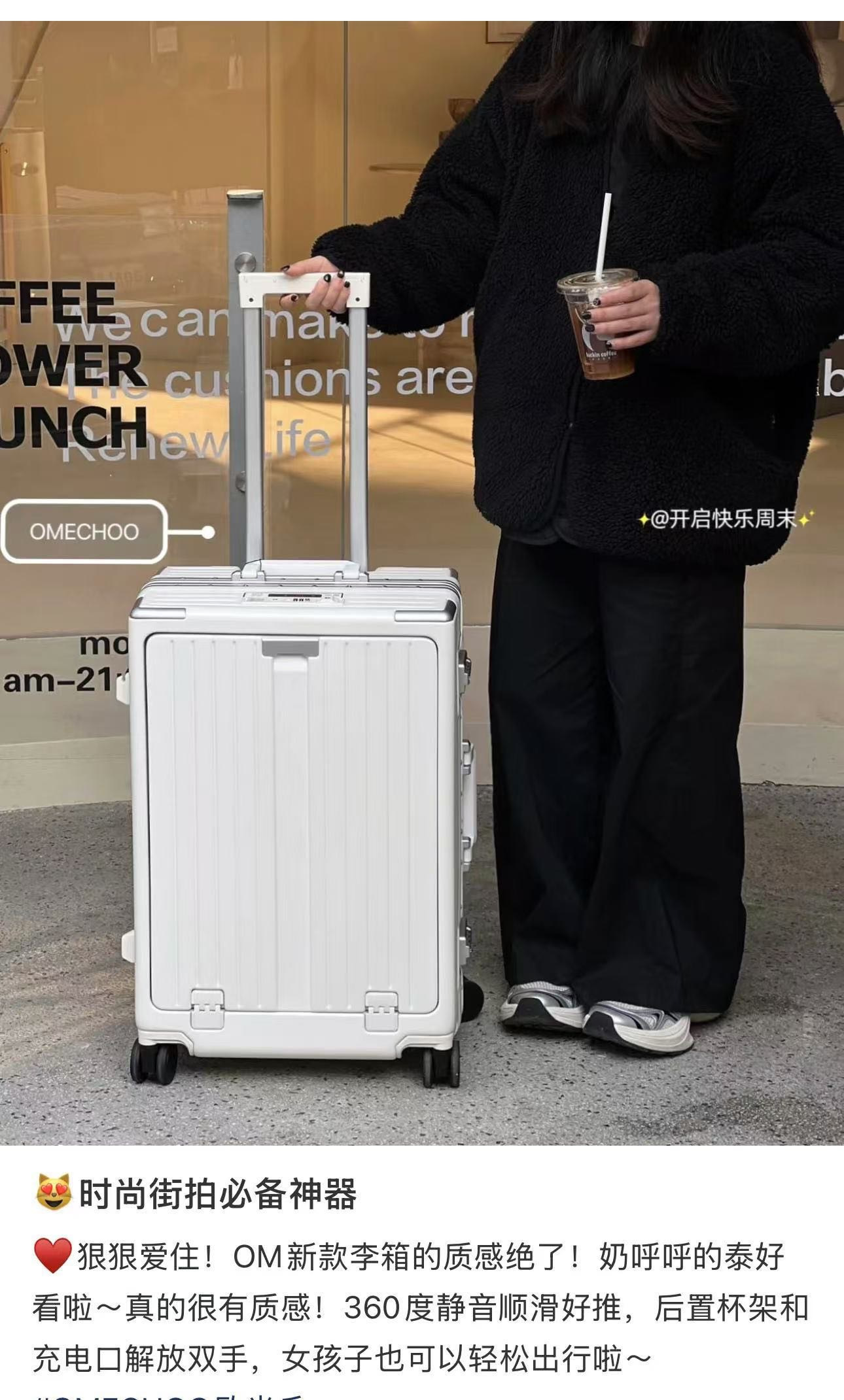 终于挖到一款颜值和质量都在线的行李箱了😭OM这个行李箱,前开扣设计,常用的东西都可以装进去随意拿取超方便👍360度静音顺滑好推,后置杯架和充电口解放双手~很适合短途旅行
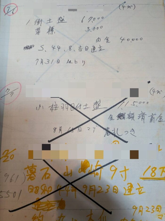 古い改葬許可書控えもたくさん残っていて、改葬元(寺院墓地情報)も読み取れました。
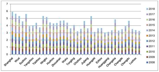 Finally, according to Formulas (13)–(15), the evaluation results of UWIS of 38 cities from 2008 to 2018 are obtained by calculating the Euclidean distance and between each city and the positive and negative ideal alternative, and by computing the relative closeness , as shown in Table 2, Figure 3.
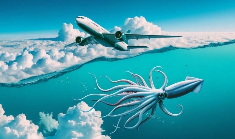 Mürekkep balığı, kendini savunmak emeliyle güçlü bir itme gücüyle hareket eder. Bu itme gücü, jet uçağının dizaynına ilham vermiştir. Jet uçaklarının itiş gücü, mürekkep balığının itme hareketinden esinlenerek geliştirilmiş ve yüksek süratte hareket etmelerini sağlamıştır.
+ + + + +
Required action: Reproduce the full material exactly, excluding the pictures.

Your solution:
 终于挖到一款颜值和质量都在线的行李箱了😭OM这个行李箱,前开扣设计,常用的东西都可以装进去随意拿取超方便👍360度静音顺滑好推,后置杯架和充电口解放双手~很适合短途旅行
 古い改葬許可書控えもたくさん残っていて、改葬元(寺院墓地情報)も読み取れました。
 Finally, according to Formulas (13)–(15), the evaluation results of UWIS of 38 cities from 2008 to 2018 are obtained by calculating the Euclidean distance and between each city and the positive and negative ideal alternative, and by computing the relative closeness , as shown in Table 2, Figure 3.
 Mürekkep balığı, kendini savunmak emeliyle güçlü bir itme gücüyle hareket eder. Bu itme gücü, jet uçağının dizaynına ilham vermiştir. Jet uçaklarının itiş gücü, mürekkep balığının itme hareketinden esinlenerek geliştirilmiş ve yüksek süratte hareket etmelerini sağlamıştır.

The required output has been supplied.